Exercise data
##########
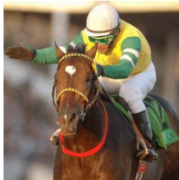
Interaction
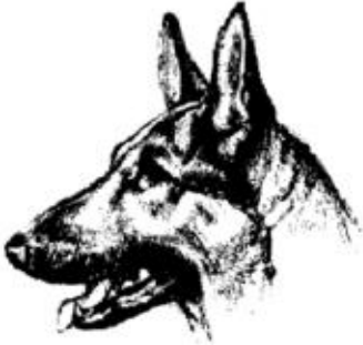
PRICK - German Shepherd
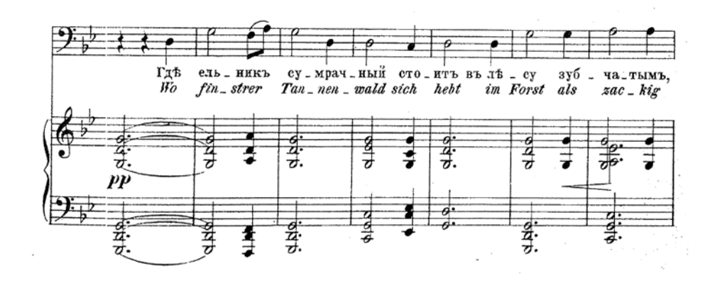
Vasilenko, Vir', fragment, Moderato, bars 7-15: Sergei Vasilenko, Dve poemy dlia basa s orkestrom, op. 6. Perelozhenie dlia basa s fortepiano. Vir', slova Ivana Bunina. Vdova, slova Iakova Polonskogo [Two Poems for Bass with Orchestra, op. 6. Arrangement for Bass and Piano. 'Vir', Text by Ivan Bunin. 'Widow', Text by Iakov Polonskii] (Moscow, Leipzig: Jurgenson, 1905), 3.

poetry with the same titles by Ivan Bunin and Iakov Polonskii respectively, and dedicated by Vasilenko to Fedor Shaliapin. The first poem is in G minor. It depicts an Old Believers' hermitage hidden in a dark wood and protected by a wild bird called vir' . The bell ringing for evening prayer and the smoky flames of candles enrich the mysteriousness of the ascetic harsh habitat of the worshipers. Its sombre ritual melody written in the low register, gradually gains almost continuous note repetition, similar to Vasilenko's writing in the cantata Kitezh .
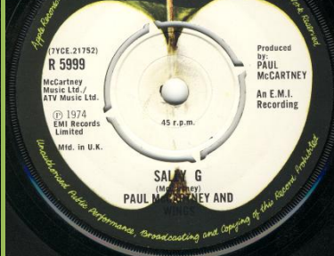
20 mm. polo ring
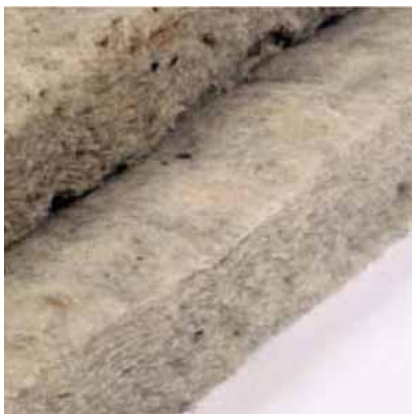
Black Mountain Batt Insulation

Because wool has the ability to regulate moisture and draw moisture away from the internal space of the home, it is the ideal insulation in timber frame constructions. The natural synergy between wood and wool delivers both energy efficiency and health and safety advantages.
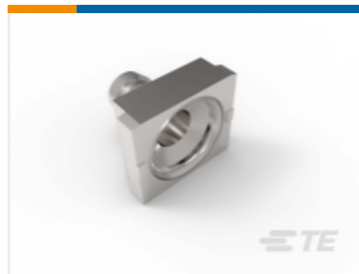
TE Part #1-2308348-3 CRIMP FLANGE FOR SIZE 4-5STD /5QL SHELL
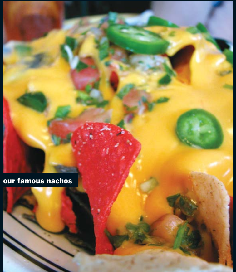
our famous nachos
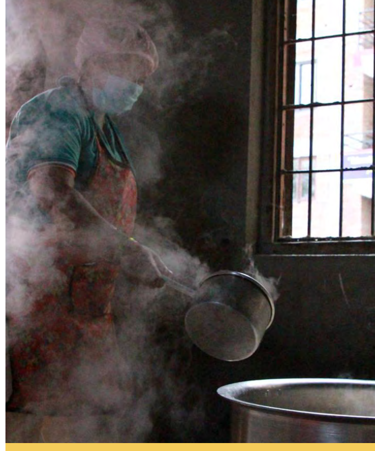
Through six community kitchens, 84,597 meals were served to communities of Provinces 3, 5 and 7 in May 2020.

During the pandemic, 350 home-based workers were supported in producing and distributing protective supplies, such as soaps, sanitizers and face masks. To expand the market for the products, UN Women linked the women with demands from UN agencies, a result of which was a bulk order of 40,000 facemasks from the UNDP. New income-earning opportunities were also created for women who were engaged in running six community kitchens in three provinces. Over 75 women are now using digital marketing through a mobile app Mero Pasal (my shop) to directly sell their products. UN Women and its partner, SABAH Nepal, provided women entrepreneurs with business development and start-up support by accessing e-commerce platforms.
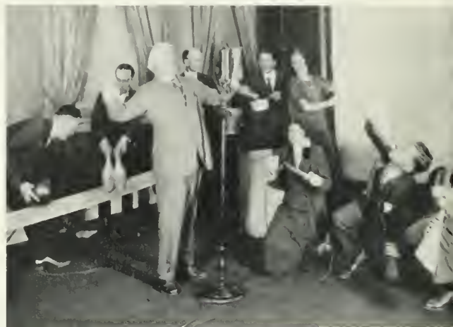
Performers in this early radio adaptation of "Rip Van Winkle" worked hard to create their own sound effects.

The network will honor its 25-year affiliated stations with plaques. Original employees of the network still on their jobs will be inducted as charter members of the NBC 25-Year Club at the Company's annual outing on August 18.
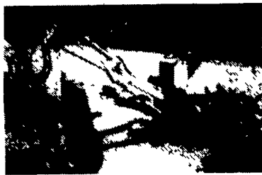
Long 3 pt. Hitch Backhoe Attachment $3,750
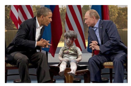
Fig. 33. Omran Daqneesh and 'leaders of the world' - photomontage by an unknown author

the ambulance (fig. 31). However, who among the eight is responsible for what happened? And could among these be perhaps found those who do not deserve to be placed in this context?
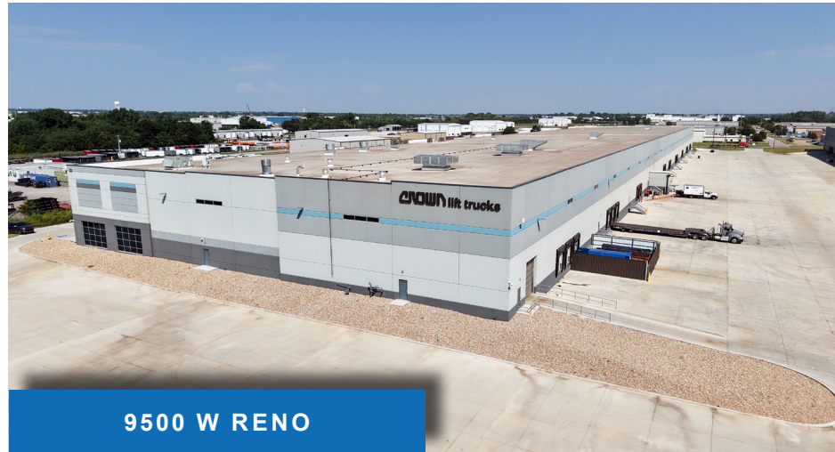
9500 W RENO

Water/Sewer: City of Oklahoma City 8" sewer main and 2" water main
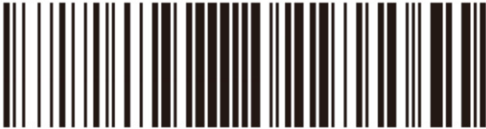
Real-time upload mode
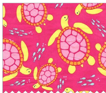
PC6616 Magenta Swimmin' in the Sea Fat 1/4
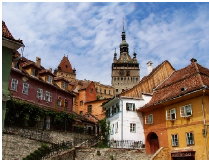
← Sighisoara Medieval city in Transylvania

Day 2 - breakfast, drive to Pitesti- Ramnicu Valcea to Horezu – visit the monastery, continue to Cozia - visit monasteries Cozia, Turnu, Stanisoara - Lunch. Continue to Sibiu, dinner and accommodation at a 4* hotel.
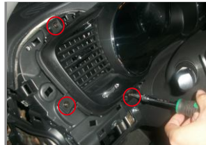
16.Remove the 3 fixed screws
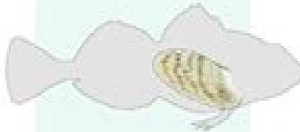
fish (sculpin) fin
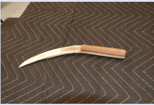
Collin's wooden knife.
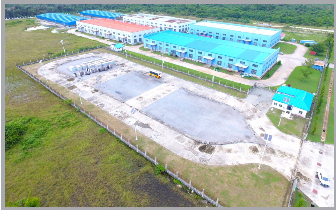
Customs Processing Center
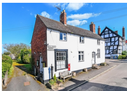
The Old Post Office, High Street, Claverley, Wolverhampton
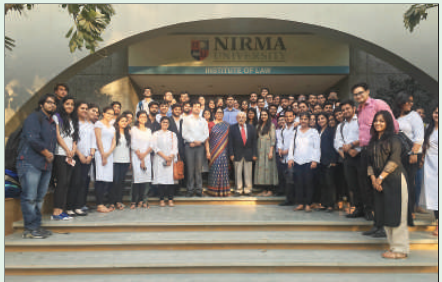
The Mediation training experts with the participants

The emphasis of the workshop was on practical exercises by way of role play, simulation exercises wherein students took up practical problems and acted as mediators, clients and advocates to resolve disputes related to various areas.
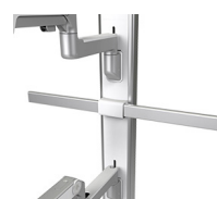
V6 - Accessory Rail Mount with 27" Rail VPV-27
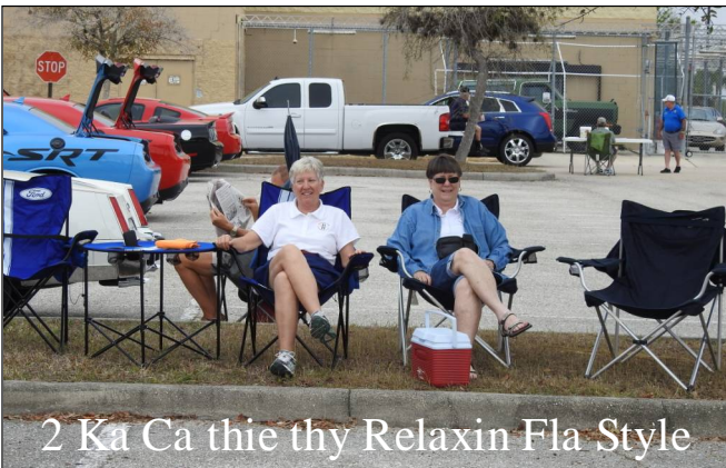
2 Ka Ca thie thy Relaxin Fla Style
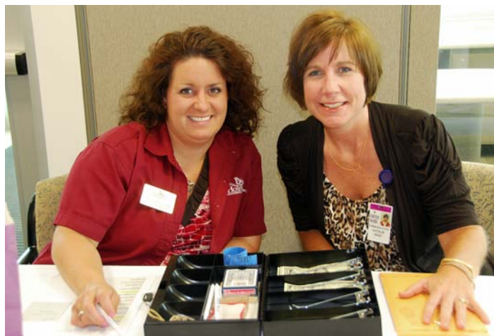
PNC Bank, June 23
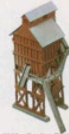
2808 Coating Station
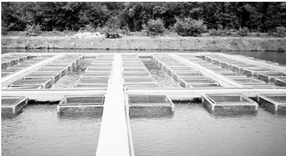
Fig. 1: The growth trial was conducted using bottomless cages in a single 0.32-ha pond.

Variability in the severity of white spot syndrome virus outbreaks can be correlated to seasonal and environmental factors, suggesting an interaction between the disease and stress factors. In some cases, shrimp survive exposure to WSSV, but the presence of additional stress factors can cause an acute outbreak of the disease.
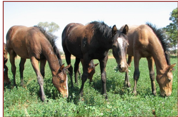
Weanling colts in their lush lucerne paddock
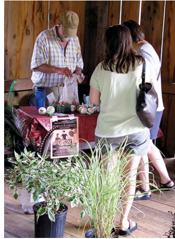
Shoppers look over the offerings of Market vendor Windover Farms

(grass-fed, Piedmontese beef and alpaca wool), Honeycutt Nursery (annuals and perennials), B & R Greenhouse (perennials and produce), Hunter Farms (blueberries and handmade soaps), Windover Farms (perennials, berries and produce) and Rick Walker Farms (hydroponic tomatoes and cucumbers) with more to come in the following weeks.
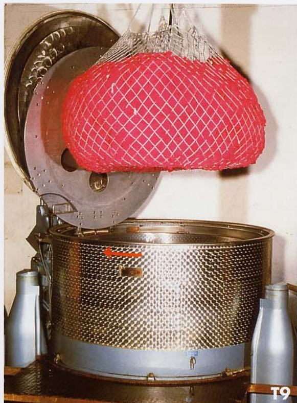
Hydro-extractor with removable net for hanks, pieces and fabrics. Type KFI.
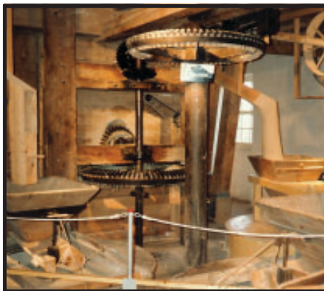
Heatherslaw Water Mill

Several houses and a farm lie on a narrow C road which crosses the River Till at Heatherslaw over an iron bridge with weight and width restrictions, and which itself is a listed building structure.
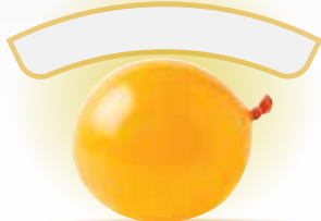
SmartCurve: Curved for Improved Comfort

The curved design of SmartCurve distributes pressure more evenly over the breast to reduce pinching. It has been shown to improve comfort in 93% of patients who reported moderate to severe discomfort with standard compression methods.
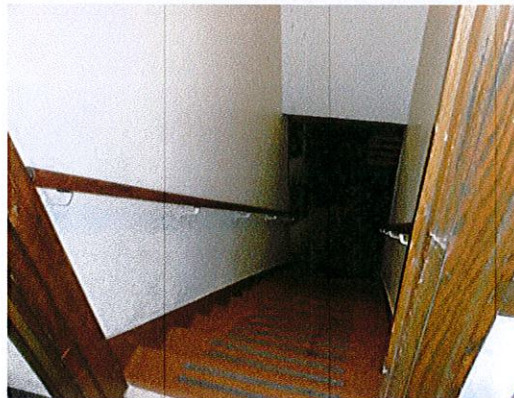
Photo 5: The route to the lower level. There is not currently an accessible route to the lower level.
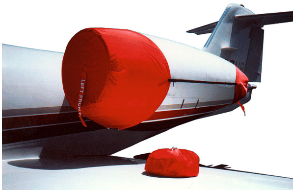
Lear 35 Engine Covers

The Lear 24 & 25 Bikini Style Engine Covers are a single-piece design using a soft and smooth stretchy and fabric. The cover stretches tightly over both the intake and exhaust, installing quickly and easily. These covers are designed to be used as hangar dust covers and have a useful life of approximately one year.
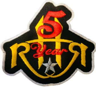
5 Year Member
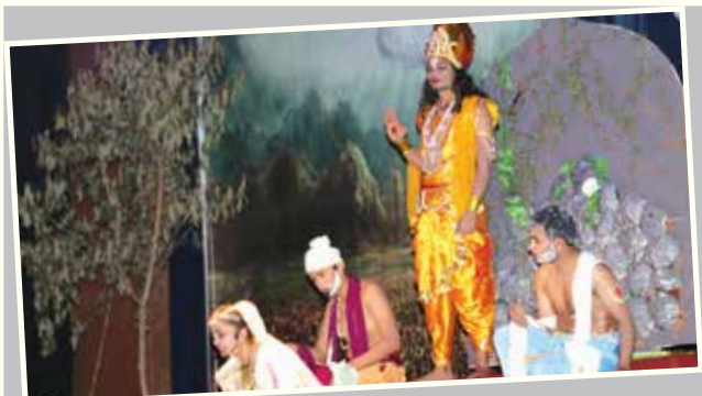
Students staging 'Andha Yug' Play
##########
Locate the word "Polonskii" in the records above, and return each line that has it.

Answer to this problem
Vasilenko, Vir', fragment, Moderato, bars 7-15: Sergei Vasilenko, Dve poemy dlia basa s orkestrom, op. 6. Perelozhenie dlia basa s fortepiano. Vir', slova Ivana Bunina. Vdova, slova Iakova Polonskogo [Two Poems for Bass with Orchestra, op. 6. Arrangement for Bass and Piano. 'Vir', Text by Ivan Bunin. 'Widow', Text by Iakov Polonskii] (Moscow, Leipzig: Jurgenson, 1905), 3.
poetry with the same titles by Ivan Bunin and Iakov Polonskii respectively, and dedicated by Vasilenko to Fedor Shaliapin. The first poem is in G minor. It depicts an Old Believers' hermitage hidden in a dark wood and protected by a wild bird called vir' . The bell ringing for evening prayer and the smoky flames of candles enrich the mysteriousness of the ascetic harsh habitat of the worshipers. Its sombre ritual melody written in the low register, gradually gains almost continuous note repetition, similar to Vasilenko's writing in the cantata Kitezh .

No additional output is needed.